I can't figure out a problem I am trying to solve. I have a pandas data frame coming from this:
date, id, measure, result
2016-07-11, 31, "[2, 5, 3, 3]", 1
2016-07-12, 32, "[3, 5, 3, 3]", 1
2016-07-13, 33, "[2, 1, 2, 2]", 1
2016-07-14, 34, "[2, 6, 3, 3]", 1
2016-07-15, 35, "[39, 31, 73, 34]", 0
2016-07-16, 36, "[3, 2, 3, 3]", 1
2016-07-17, 37, "[3, 8, 3, 3]", 1
Measurements column consists of arrays in string format.
I want to have a new moving-average-array
column from the past 3 measurement records, excluding those records where the result
is 0. Past 3 records mean that for id
34, the arrays of id
31,32,33 to be used.
It is about taking the average of every 1st point, 2nd point, 3rd and 4th point to have this moving-average-array
.
It is not about getting the average of 1st array, 2nd array ... and then averaging the average, no.
For the first 3 rows, because there is not enough history, I just want to use their own measurement.
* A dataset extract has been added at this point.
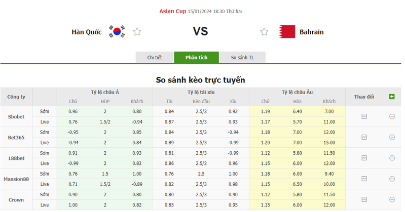 Tỷ lệ kèo trận đấu Hàn Quốc vs Bahrain

So the solution should look like this:
date, id, measure, result . Solution
2016-07-11, 31, "[2, 5, 3, 3]", 1, "[2, 5, 3, 3]"
2016-07-12, 32, "[3, 5, 3, 3]", 1, "[3, 5, 3, 3]"
2016-07-13, 33, "[2, 1, 2, 2]", 1, "[2, 1, 2, 2]"
2016-07-14, 34, "[2, 6, 3, 3]", 1, "[2.3, 3.6, 2.6, 2.6]"
2016-07-15, 35, "[39, 31, 73, 34]", 0, "[2.3, 4, 2.6, 2.6]"
2016-07-16, 36, "[3, 2, 3, 3]", 1, "[2.3, 4, 2.6, 2.6]"
2016-07-17, 37, "[3, 8, 3, 3]", 1, "[2.3, 3, 2.6, 2.6]"
The real data is bigger. result
0 may repeat 2 or more times after each other also. I think it will be about keeping a track of previous OK result
s properly getting those averages. I spent time but I could not.
I am posting the dataframe here:
mydict = {'date': {0: '2016-07-11',
1: '2016-07-12',
2: '2016-07-13',
3: '2016-07-14',
4: '2016-07-15',
5: '2016-07-16',
6: '2016-07-17'},
'id': {0: 31, 1: 32, 2: 33, 3: 34, 4: 35, 5: 36, 6: 37},
'measure': {0: '[2, 5, 3, 3]',
1: '[3, 5, 3, 3]',
2: '[2, 1, 2, 2]',
3: '[2, 6, 3, 3]',
4: '[39, 31, 73, 34]',
5: '[3, 2, 3, 3]',
6: '[3, 8, 3, 3]'},
'result': {0: 1, 1: 1, 2: 1, 3: 1, 4: 0, 5: 1, 6: 1}}
df = pd.DataFrame(mydict)
Thank you for giving directions or pointing out how to.